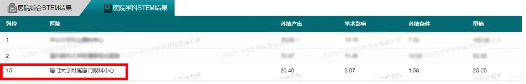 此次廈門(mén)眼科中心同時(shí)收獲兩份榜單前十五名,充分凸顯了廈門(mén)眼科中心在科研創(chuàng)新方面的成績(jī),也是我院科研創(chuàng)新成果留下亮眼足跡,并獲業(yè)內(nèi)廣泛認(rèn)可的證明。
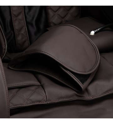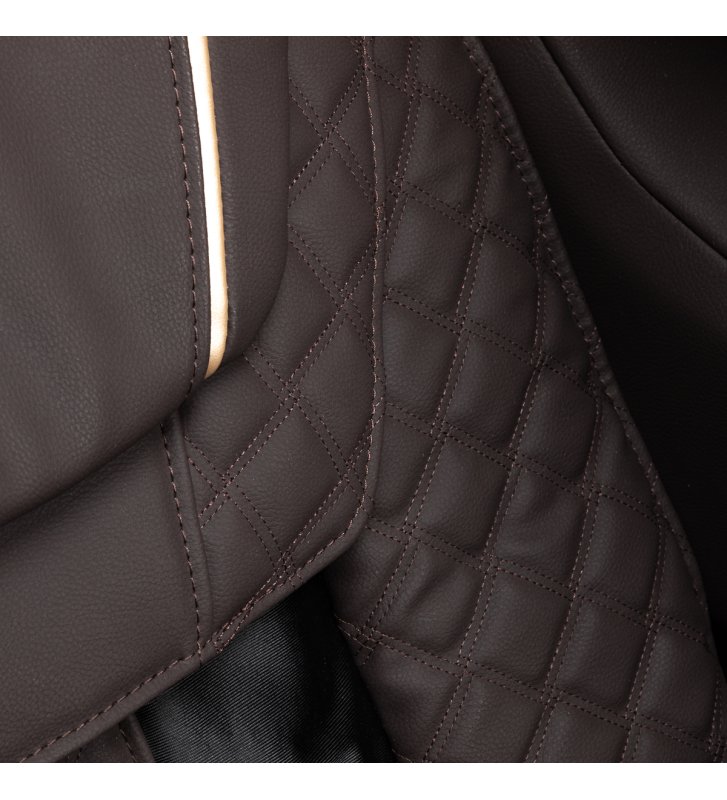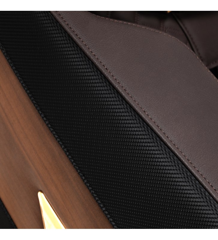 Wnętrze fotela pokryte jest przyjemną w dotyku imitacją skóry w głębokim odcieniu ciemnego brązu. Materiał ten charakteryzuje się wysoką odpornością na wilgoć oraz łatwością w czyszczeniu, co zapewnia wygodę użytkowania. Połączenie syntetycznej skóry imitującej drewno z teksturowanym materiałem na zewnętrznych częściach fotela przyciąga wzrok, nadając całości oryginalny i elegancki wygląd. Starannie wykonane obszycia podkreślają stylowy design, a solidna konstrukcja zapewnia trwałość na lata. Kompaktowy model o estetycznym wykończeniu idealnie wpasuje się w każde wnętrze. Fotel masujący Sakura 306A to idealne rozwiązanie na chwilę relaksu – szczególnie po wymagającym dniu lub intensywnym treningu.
++++++
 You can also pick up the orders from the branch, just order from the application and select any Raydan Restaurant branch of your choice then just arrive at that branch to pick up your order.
++++++
Your answer must be the exact lines from the records above, from the one containing "此次廈門(mén)眼科中心同" through the one containing "Wnętrze fotela pokryte", both included, with every picture left out.

 此次廈門(mén)眼科中心同時(shí)收獲兩份榜單前十五名,充分凸顯了廈門(mén)眼科中心在科研創(chuàng)新方面的成績(jī),也是我院科研創(chuàng)新成果留下亮眼足跡,并獲業(yè)內(nèi)廣泛認(rèn)可的證明。
 Wnętrze fotela pokryte jest przyjemną w dotyku imitacją skóry w głębokim odcieniu ciemnego brązu. Materiał ten charakteryzuje się wysoką odpornością na wilgoć oraz łatwością w czyszczeniu, co zapewnia wygodę użytkowania. Połączenie syntetycznej skóry imitującej drewno z teksturowanym materiałem na zewnętrznych częściach fotela przyciąga wzrok, nadając całości oryginalny i elegancki wygląd. Starannie wykonane obszycia podkreślają stylowy design, a solidna konstrukcja zapewnia trwałość na lata. Kompaktowy model o estetycznym wykończeniu idealnie wpasuje się w każde wnętrze. Fotel masujący Sakura 306A to idealne rozwiązanie na chwilę relaksu – szczególnie po wymagającym dniu lub intensywnym treningu.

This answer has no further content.